Infrared microspectroscopy rapidly analyzes materials to create fingerprints that identify chemical species and create spatially resolved maps of chemical composition. Infrared microspectroscopy suffers from a key limitation that the spatial resolution is limited by optical diffraction to around 10-30 um, limiting its usefulness for many application areas. To overcome this spatial resolution limit, we have developed AFM-based infrared spectroscopy (AFM-IR).  AFM-IR enables broadly applicable chemical analysis with spatial resolution 50-500X better than conventional IR spectroscopy and with sensitivity down to the scale of individual molecular monolayers.
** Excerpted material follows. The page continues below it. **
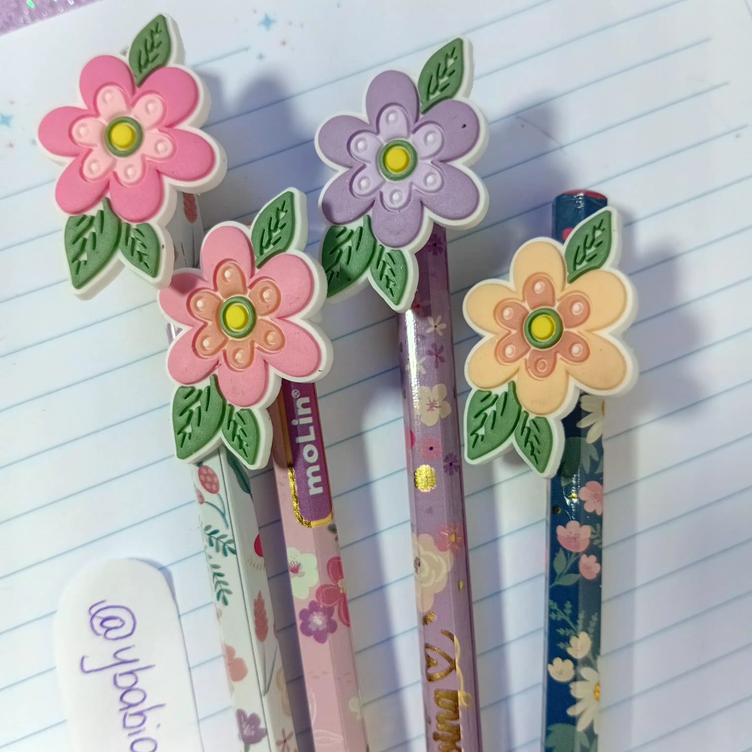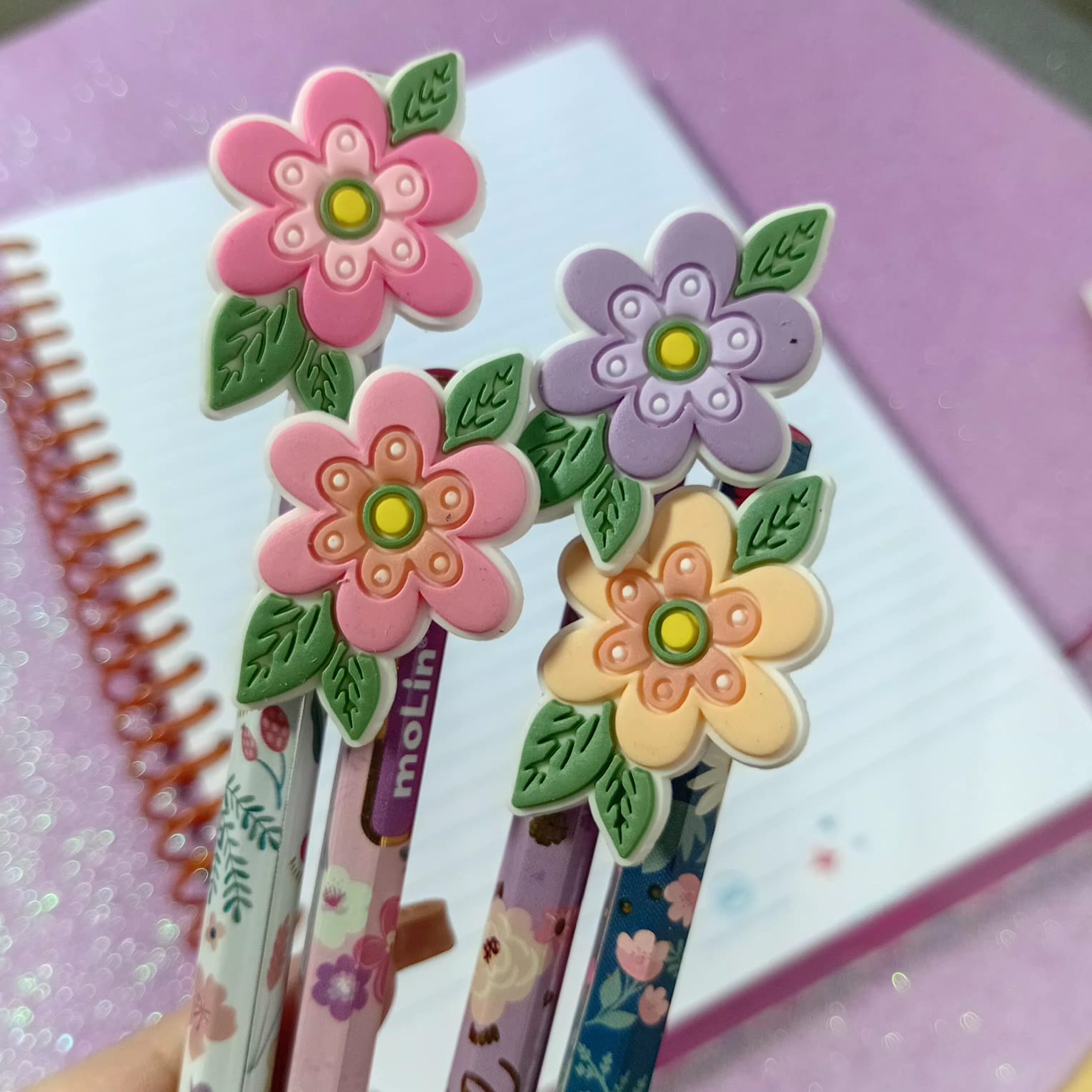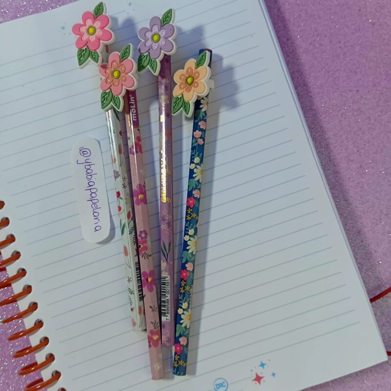 O lápis HB Top Flowers Molin é perfeito para quem ama detalhes delicados. Ele possui corpo decorado no tema floral e vem com uma ponteira emborrachada em formato de flor, que dá um charme todo especial ao lápis — simplesmente apaixonante 🌷

The AFM-IR technique illuminates a sample with light from a tunable infrared laser source and then uses the tip of an AFM to measure the sample’s local photothermal expansion due to the absorption of infrared light at specific wavelengths. Measuring absorption as a function of wavelength creates an IR absorption spectrum that acts as a chemical fingerprint to characterize and identify chemical components. Chemical composition images can be obtained by mapping this photothermal absorption across a region of a sample with the laser tuned to an absorption band corresponding to a chemical species of interest.  In this talk we will describe AFM-IR applications in materials and life sciences, including measurements of polymers, pharmaceuticals, bacterial cells and membranes, plant cells, skin, hair, bone and other areas.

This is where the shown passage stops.